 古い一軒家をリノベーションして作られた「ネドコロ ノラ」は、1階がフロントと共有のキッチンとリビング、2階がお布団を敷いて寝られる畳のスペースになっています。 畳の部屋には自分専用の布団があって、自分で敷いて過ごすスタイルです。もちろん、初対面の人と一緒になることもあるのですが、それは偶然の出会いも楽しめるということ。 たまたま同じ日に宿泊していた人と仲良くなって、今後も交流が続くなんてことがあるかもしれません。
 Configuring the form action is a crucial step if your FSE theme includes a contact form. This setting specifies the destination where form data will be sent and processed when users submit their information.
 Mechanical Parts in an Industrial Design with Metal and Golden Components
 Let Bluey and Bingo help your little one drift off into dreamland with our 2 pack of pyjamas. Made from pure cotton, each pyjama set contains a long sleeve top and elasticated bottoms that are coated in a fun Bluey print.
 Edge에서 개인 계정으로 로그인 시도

◆ ◆ ◆ ◆ ◆ ◆ ◆

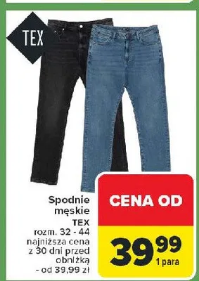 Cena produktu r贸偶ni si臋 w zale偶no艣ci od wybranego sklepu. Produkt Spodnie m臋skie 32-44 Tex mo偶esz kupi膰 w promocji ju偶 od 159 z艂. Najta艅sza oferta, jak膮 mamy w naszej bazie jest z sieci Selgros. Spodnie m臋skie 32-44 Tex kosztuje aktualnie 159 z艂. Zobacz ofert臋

◆ ◆ ◆ ◆ ◆ ◆ ◆

HOW TO COMPLETE THIS TASK: For each line in the data that contains the string "your", give a copy of that line.

WRITTEN RESPONSE:
 Configuring the form action is a crucial step if your FSE theme includes a contact form. This setting specifies the destination where form data will be sent and processed when users submit their information.
 Let Bluey and Bingo help your little one drift off into dreamland with our 2 pack of pyjamas. Made from pure cotton, each pyjama set contains a long sleeve top and elasticated bottoms that are coated in a fun Bluey print.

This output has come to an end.